Sangre de Muerdago: A Chamada da Néboa

Republished because love and cooperation is what we all need right now:

When you want to see international cooperation in action, look to music. Asia Kindred Moore (American harpist), Georg Börner from Germany, playing a Swedish Nyckelharpa, Erich Heimansberg (German flute player) and Pablo Ursusson, Galician songwriter and singer, sing in Galego, the language of Pablo’s home. Together they make up Sangre de Muerdago. And when the American and the Germans need to harmonise with Pablo in Galego, they do, just fine. This song is called A Chamada da Néboa/The Call of the Mist:

It’s often misty and always very, very green in Galicia.  Green is the heartbeat of Sangre de Muerdago’s music.

The green Galician landscape and the people moving through it shaped and continue to shape the words of Galego. And when the Romans arrived, bringing the language they’d forged to suit their own sunny homeland, little by little the local landscape and the local people added a green shade.

As E.B. White put it:

“The living language is like a cow path: it is the creation of the cows themselves who, having created it, follow it or depart from it according to their whims or their needs. From daily use the cow path undergoes change. A cow is under no obligation to stay”

When your landscape is a landscape of mossy rocks, you keep your own soft, rounded word for ‘stone’: croio, rather than adopting the sharper Latin petra, born as it was in the dry, volcanic landscape of Ancient Rome.  That sound picture of close-together, pointy ‘p’ and ‘t’ sounds just don’t fit what you see around you in green Galicia. So you keep croio for family and friends, and when you have to speak to the Roman invaders, you use their word but soften it, rubbing the sharp edges off the central ‘t’ and turning it into a smoother ‘d’. To suit the world around you, while co-existing with people who’ve brought their own landscape with them in the shape of their words. The longer the Romans lived in Galicia, the more likely it would be that their own word, petram, born of a sunny, faraway city built on volcanic rock, would have reshaped and softened and rounded, little by little, to suit the pedra they saw around them.
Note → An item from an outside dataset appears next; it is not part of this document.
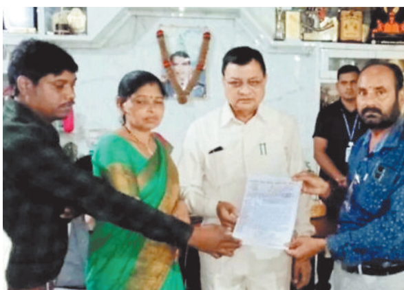
उद्योग मंत्री को ज्ञापन सौंपते हुए।
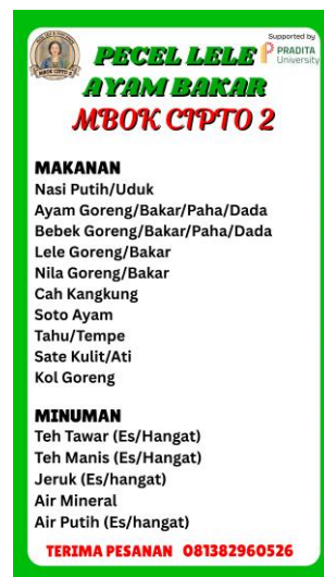
Gambar 4. Menu Terbaru

Desain menu diperbaharui secara visual dan informatif. Banner juga terdapat pembaharuan dari pencantuman logo terbaru dan informasi terkait menu. Desain menu yang menarik secara visual dan sederhana dapat memudahkan pesanan para konsumen terhadap pelaku UMKM.

There comes a point when the green around you suffuses the words that survive. And a point when the origins of a word become irrelevant. Pedra is no longer an invader word. It’s an official member of the Galego word-hoard. The softening of the central consonant rebalances the word, the reshaping softens the ‘p‘ consonant. Where petra was too swift and sharp for Galicia, pedra is a slower, rounder, heavier sound. A sound that suits a land of moss and mountains.

Dolmen de Axeitos

The pedra/rock of the Galician countryside is one thing when it’s left or rearranged in the living wild and quite another thing when it’s hewn and forced into monastery/prison walls. The strength of stone becomes a cold, barren force. Celso Emilio Ferreiro is one of the most famous Galician poets and Longa Noite de Pedra/Long Night of Stone is one of his most famous poems. Pablo introduces the poem in English and tells you just enough about its chilling birth to give you an extra level of respect for the poet, the poem, the Galician people and the rebellious survival of their language:

Why write about a Galician band on a blog about singing in English? Because, at the heart of all music is the human heart. Pablo Ursusson lays his heart bare when he sings. The emotion he expresses transcends language. It touches you, just as English songwords touch the hearts of listeners all over the world, whether they speak English or not. When you sing from the heart in any language, the words are the icing on the cake. They’re not the cake itself.

If you don’t speak Galego, you have a wonderful opportunity here.  When you listen to Pablo Ursusson singing, you are listening in the pure, powerful way a baby experiences the musical shape of the sounds of its mother tongue, in the safety of its mother’s arms.  You listen harder, but the words of Galego wash over you in a way your native language never can, now that you have captured and controlled it at school. All you can be sure of is Pablo’s intention and his emotion. That’s a gift.

If you’re a native English speaker reading this and listening to Sangre de Muerdago, relish the tiny insight you’re getting into how the words of the Beatles’ Hey Jude or Pharrell Williams’ Happy sound to a teacher in Japan or a fisherman in Galicia. Sometimes we native English speakers forget our privilege. And sometimes we forget how language in song transcends dictionary understanding.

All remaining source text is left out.